• Source records:
+ + + + +

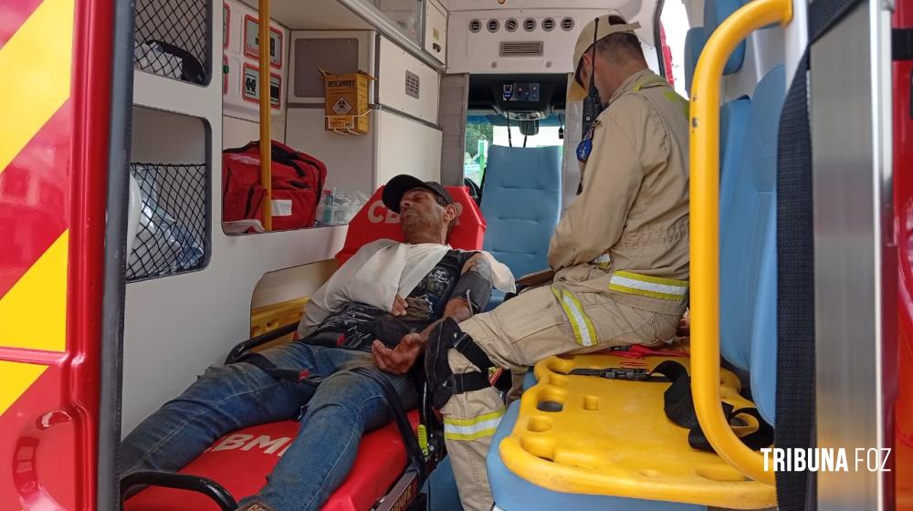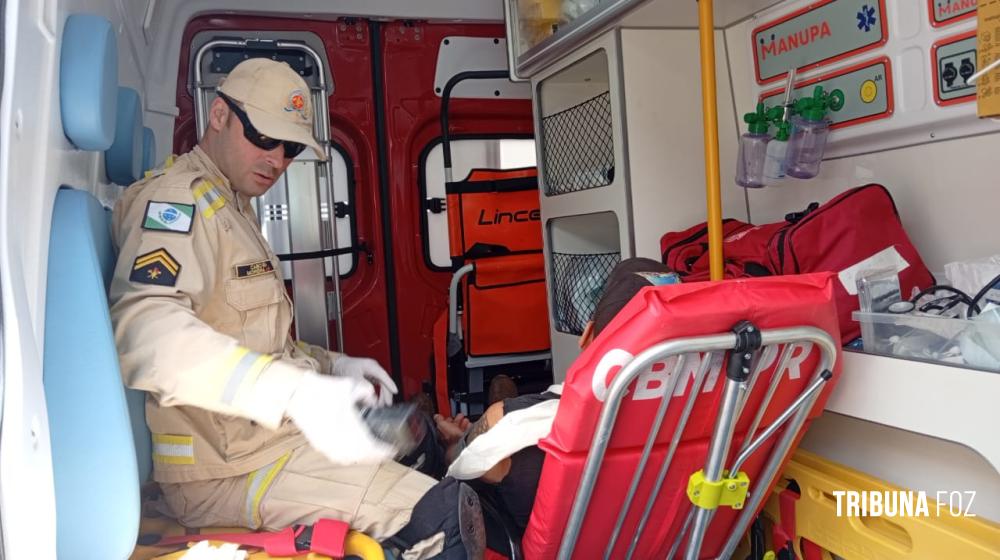Na tarde de ontem, sábado 08 de novembro de 2025, por volta das 13h:10min, socorristas do Siate (Sistema Integrado de Atendimento ao Trauma e Emergência) do Corpo de Bombeiros de Foz do Iguaçu foram acionados para deslocarem até a Avenida Morenitas, quase cruzamento com a Avenida General Meira, nas proximidades do Parque Remador, no Bairro Porto Meira, para darem atendimento a uma ocorrência de acidente de trânsito, tipo queda de motocicleta.
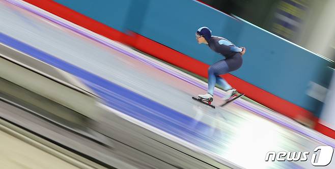 (서울=뉴스1) 안은나 기자 = 16일 서울 노원구 태릉국제스케이트장에서 열린 SK텔레콤배 제56회 전국남녀 종목별 스피드스케이팅 선수권대회 여자 3000m 결승에서 김보름(강원도청)이 역주하고 있다. 김보름은 4분19초44로 1위를 기록했다. 2021.9.16/뉴스1
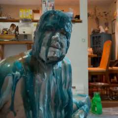LeRex got a custard-filled balloon busted over his head by MessyMegan
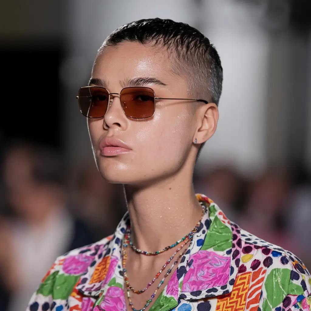 For maintenance, hydration is key. I’d use Briogeo’s Don’t Despair, Repair! Strength + Moisture Leave-In mist on a buzz to keep the scalp and hair in harmony. It is also an excellent time to invest in your brows, earrings and skincare, everything stands out with hair this short.
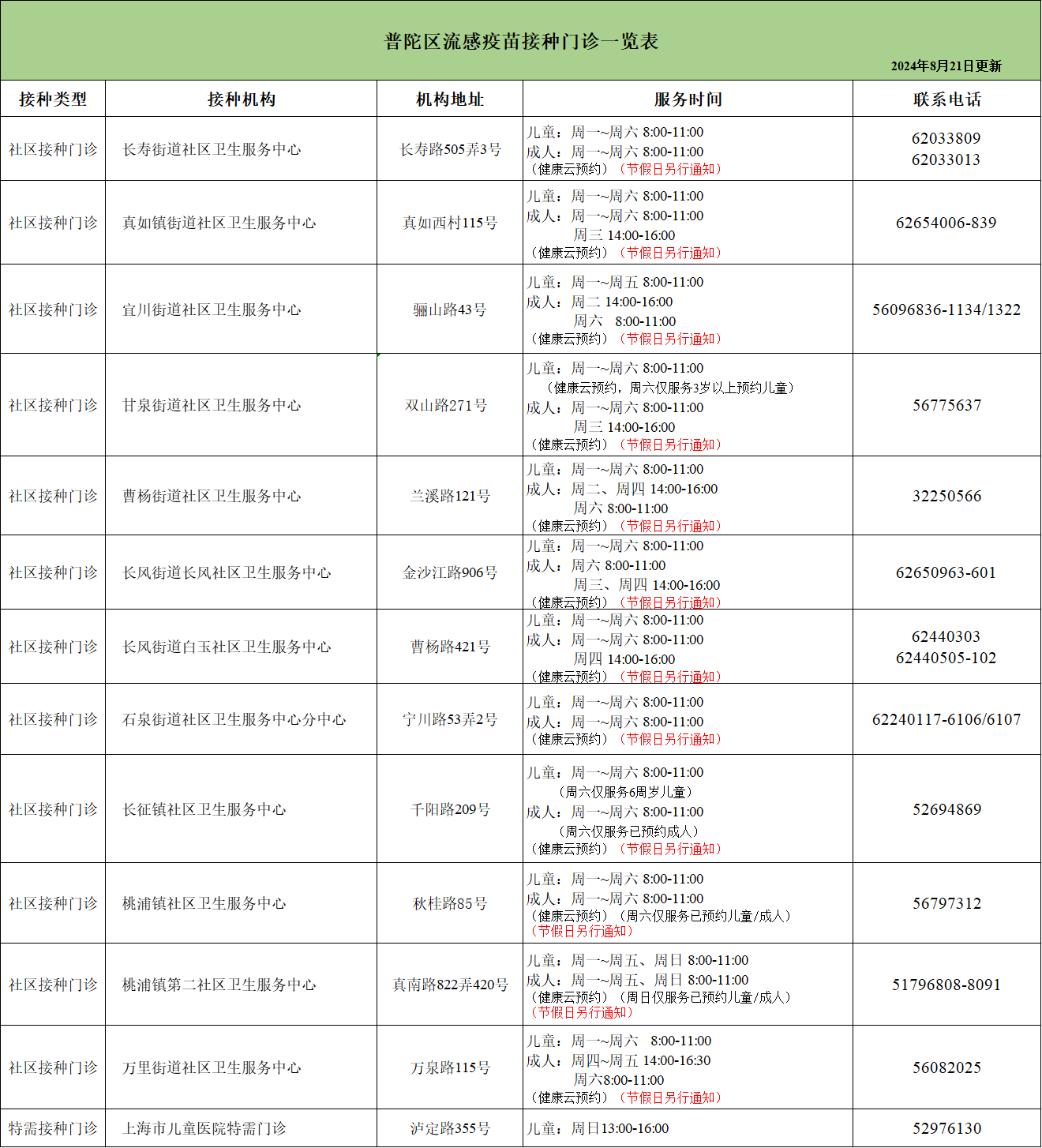 新一季流感疫苗到货啦,6月龄及以上人群都可接种!普陀居民快收藏这份信息汇总吧!
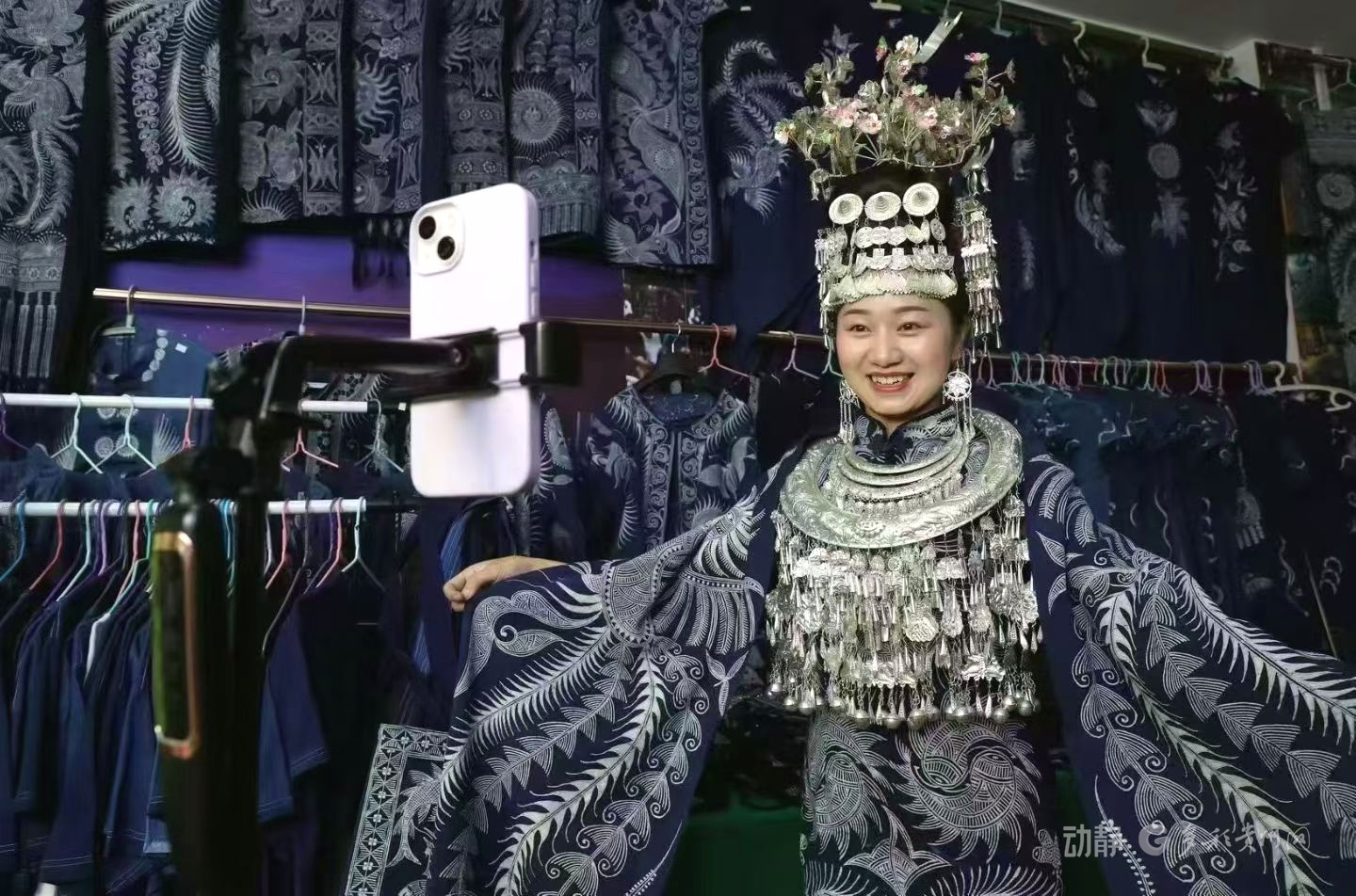 每次外出推介时,刘勤兰都要穿上百鸟衣。她说,希望让更多的人看到苗族服饰之美。“穿着百鸟衣,戴着漂亮的头饰,走到哪里叮叮当当的响,很多人就过来给我拍照。我就要做个‘显眼包’,这样才能慢慢地做成自己的IP,做成自己的一个品牌。”
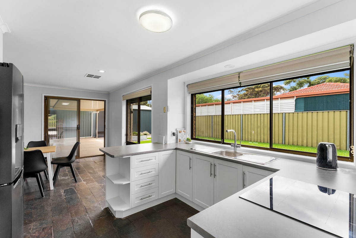 Clean well presented fully equipped home within easy access to shopping centre and public transport. It is a lovely quiet area where you can explore the many walking tracks or stroll down to the nearby lake, a great location for a day trip to explore the Barossa Valley Wine region. The City is a short 25min bus ride once there you can jump on and off the free tram service exploring the many attractions in our beautiful city of Adelaide or catch a tram down to beautiful Glenelg Beach
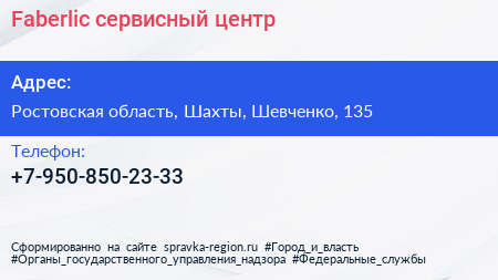 Faberlic, сервисный центр по адресу Ростовская область, Шахты, Шевченко, 135 в дальнейшем Организация, размещена в следующих категориях:
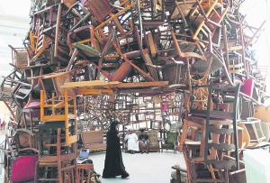 6-метрову скульптуру зі стільців зробив японський художник Тадаші Кавамата під час четвертого щорічного фестивалю сучасного мистецтва в Абу-Дабі, столиці Об'єднаних Арабських Еміратів.
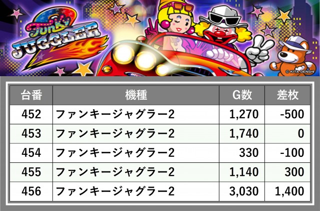 厳選された取材対象機種をはじめ、その他スロット全体から好記録が飛び出した!プレイヤーが楽しんだ1日を下記データにて振り返ってみて欲しい。
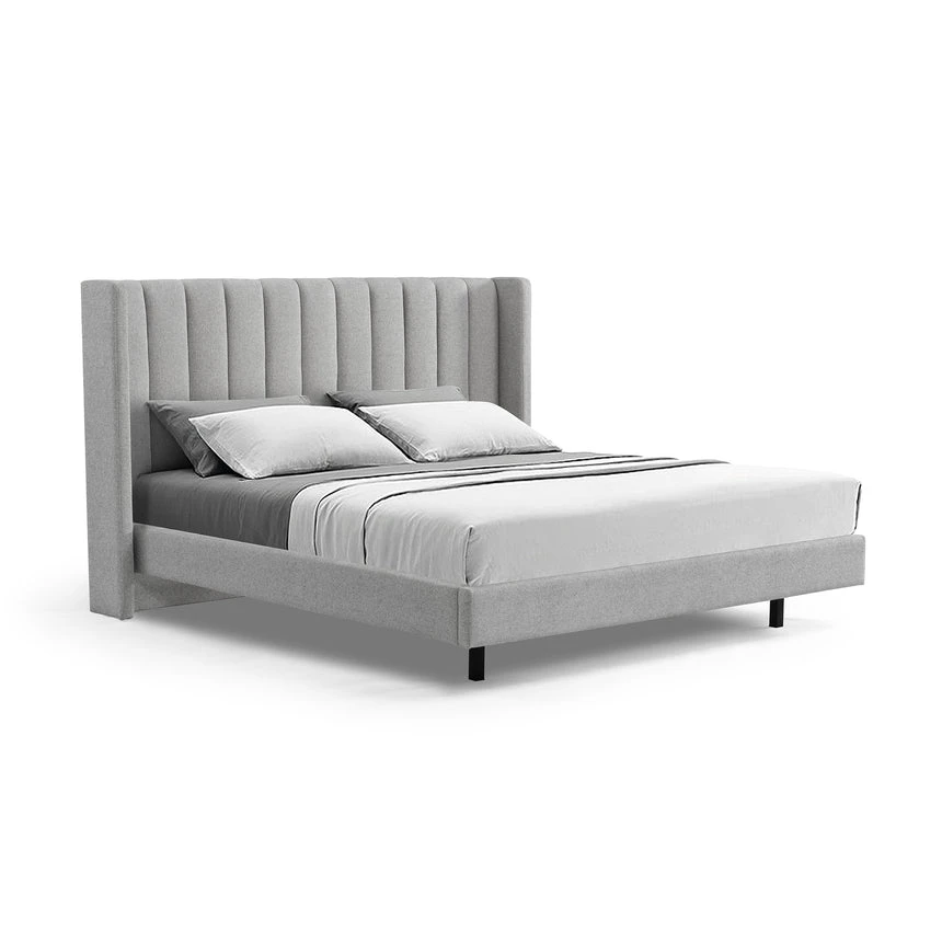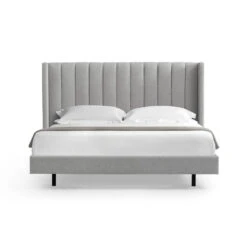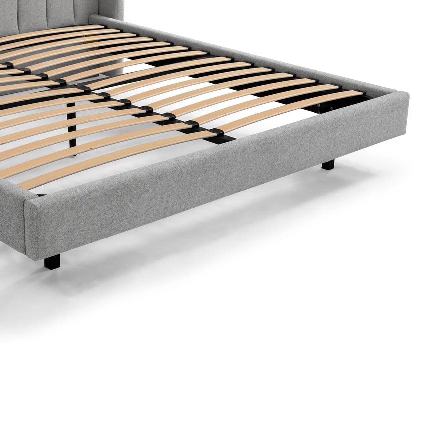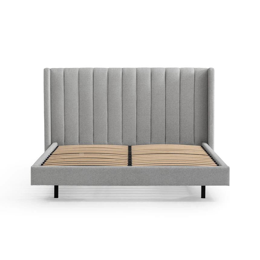 Frame and bed head upholstered in 96% polyester and 4% acrylic blend Vertical linear seam pattern on bed head Strong hardwood frame and included slats Bed frame supported by metal legs Fits a standard king size mattress Note: Product is flat packed and requires two-person assembly.
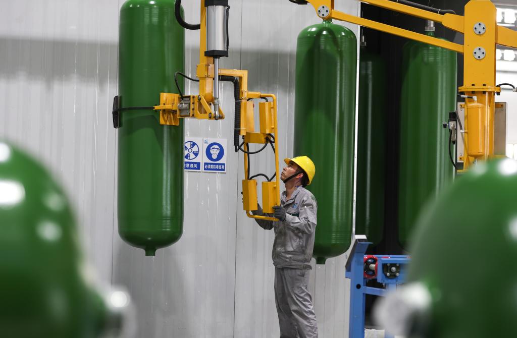5月31日,一名工作人員在江蘇國(guó)富氫能技術(shù)裝備股份有限公司的儲(chǔ)氫罐生產(chǎn)車間內(nèi)作業(yè)。新華社記者 楊磊 攝
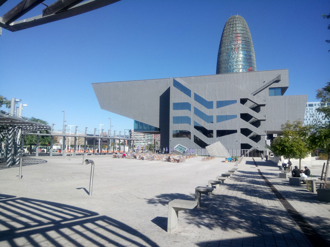 The Design Museum is located at The DHUB building in the Plaça de les Glòries was designed by MBM architecture firm, formed by Oriol Martorell, Oriol Bohigas and David Mackay. The Design Museum of Barcelona opened its doors in 2014. The building consists of two parts: an underground one (using the level change caused by the urbanization of the Glories square) and one that emerges 14.50 meters above the ground. The latter is a parallelepiped bias cut with the same width as the Avila Street, acting as an indicator of the relationship between the Eixample streets and the Glòries square, without affecting the view of the large central park. The cover of the subway is a public space linked to the future project of the Plaça de les Glòries park. The green carpet is one of the important components and it is made with natural or artificial elements to ensure sustainability and easy maintenance.
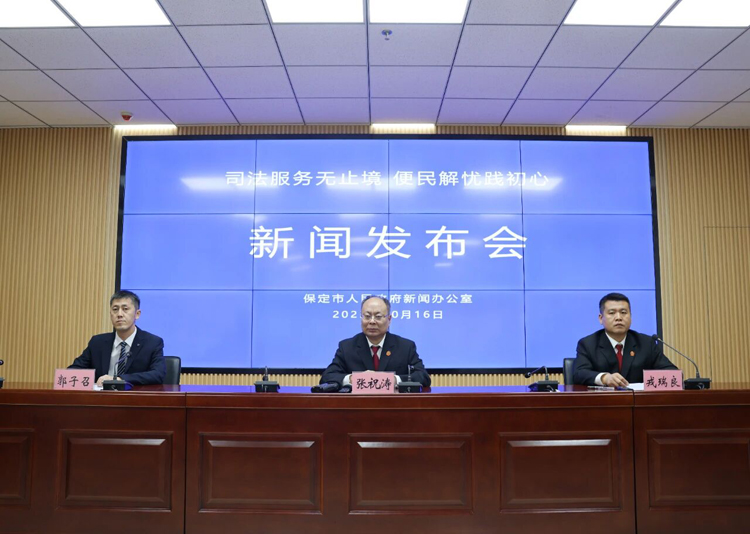 10月16日,保定市政府新闻办公室组织召开主题为“司法服务无止境 便民解忧践初心”的新闻发布会,保定市中级人民法院党组成员、副院长张祝涛等人员出席。
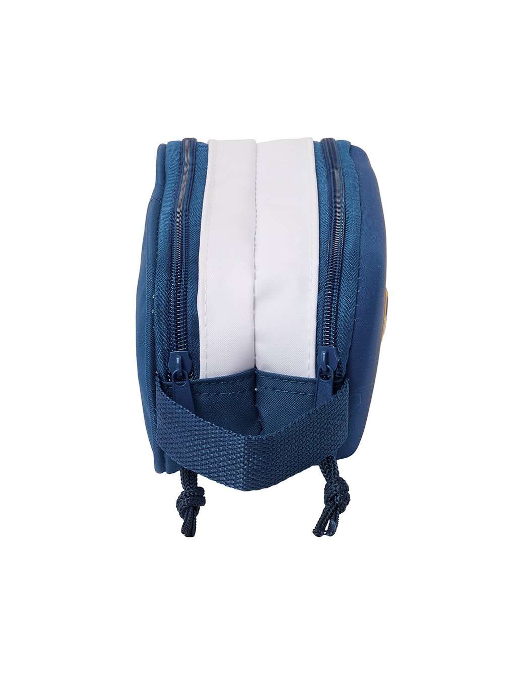 Penál Real Madrid je vhodný pro předškoláky a malé fanoušky fotbalu. Disponuje dvěma oddělenými přihrádkami na zip a bočním madlem pro snadné přenášení. Penál má kompaktní rozměry 210 × 60 × 80 mm.
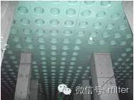為了滿足防微震、空氣循環(huán)的需要和防治塵埃粒子附著,有潔凈度要求的電子芯片廠房一般采用華夫樓板(Chess Slab),華夫樓板由華夫模板和鋼筋混凝土組成的鋼混結(jié)構(gòu)。華夫模板(FRP ,環(huán)氧玻璃鋼)是一種新型的復(fù)合材料,混凝土澆筑后與剛度大的密肋交叉梁系和鋼筋混凝土剪力墻一起組成樓層結(jié)構(gòu)防微震系統(tǒng),底模一般不拆除,做為永久性模板同時取代了潔凈要求的頂棚環(huán)氧涂料,如右圖。以滿足電子廠房的潔凈度要求。本文結(jié)合中芯國際FAB15芯片生產(chǎn)廠房工程華夫板施工的實(shí)例來介紹下華夫板施工工藝和注意事項。
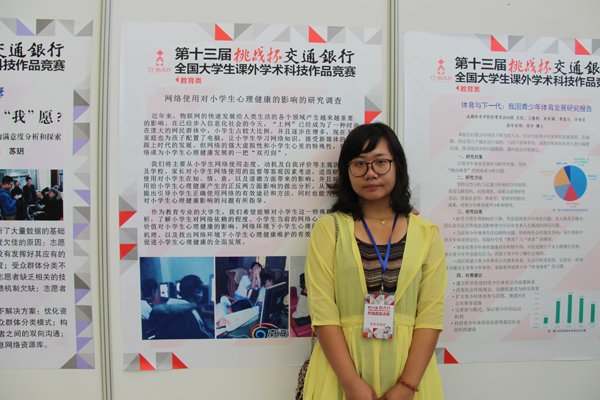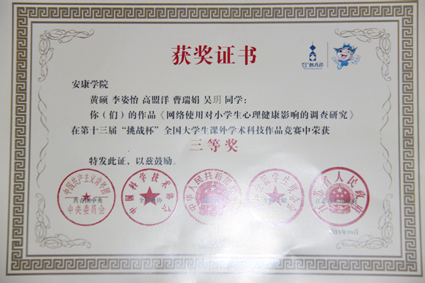 10月13日——17日,第十三届挑战杯全国大学生课外学术科技作品竞赛决赛在苏州大学举行,我校教育科学系黄硕、李姿怡、高盟洋、曹瑞娟、吴玥等5名同学的作品《网络使用对小学生心理健康影响的调查研究》通过作品现场展示、封闭评审等环节最终获得三等奖。

+ + + + +

• Exercise requirements: Your answer should be the lines from the first record down to the line containing "每次外出推介时,刘勤兰都要穿", restated exactly, with no pictures.

• Written response:
Na tarde de ontem, sábado 08 de novembro de 2025, por volta das 13h:10min, socorristas do Siate (Sistema Integrado de Atendimento ao Trauma e Emergência) do Corpo de Bombeiros de Foz do Iguaçu foram acionados para deslocarem até a Avenida Morenitas, quase cruzamento com a Avenida General Meira, nas proximidades do Parque Remador, no Bairro Porto Meira, para darem atendimento a uma ocorrência de acidente de trânsito, tipo queda de motocicleta.
 (서울=뉴스1) 안은나 기자 = 16일 서울 노원구 태릉국제스케이트장에서 열린 SK텔레콤배 제56회 전국남녀 종목별 스피드스케이팅 선수권대회 여자 3000m 결승에서 김보름(강원도청)이 역주하고 있다. 김보름은 4분19초44로 1위를 기록했다. 2021.9.16/뉴스1
LeRex got a custard-filled balloon busted over his head by MessyMegan
 For maintenance, hydration is key. I’d use Briogeo’s Don’t Despair, Repair! Strength + Moisture Leave-In mist on a buzz to keep the scalp and hair in harmony. It is also an excellent time to invest in your brows, earrings and skincare, everything stands out with hair this short.
 新一季流感疫苗到货啦,6月龄及以上人群都可接种!普陀居民快收藏这份信息汇总吧!
 每次外出推介时,刘勤兰都要穿上百鸟衣。她说,希望让更多的人看到苗族服饰之美。“穿着百鸟衣,戴着漂亮的头饰,走到哪里叮叮当当的响,很多人就过来给我拍照。我就要做个‘显眼包’,这样才能慢慢地做成自己的IP,做成自己的一个品牌。”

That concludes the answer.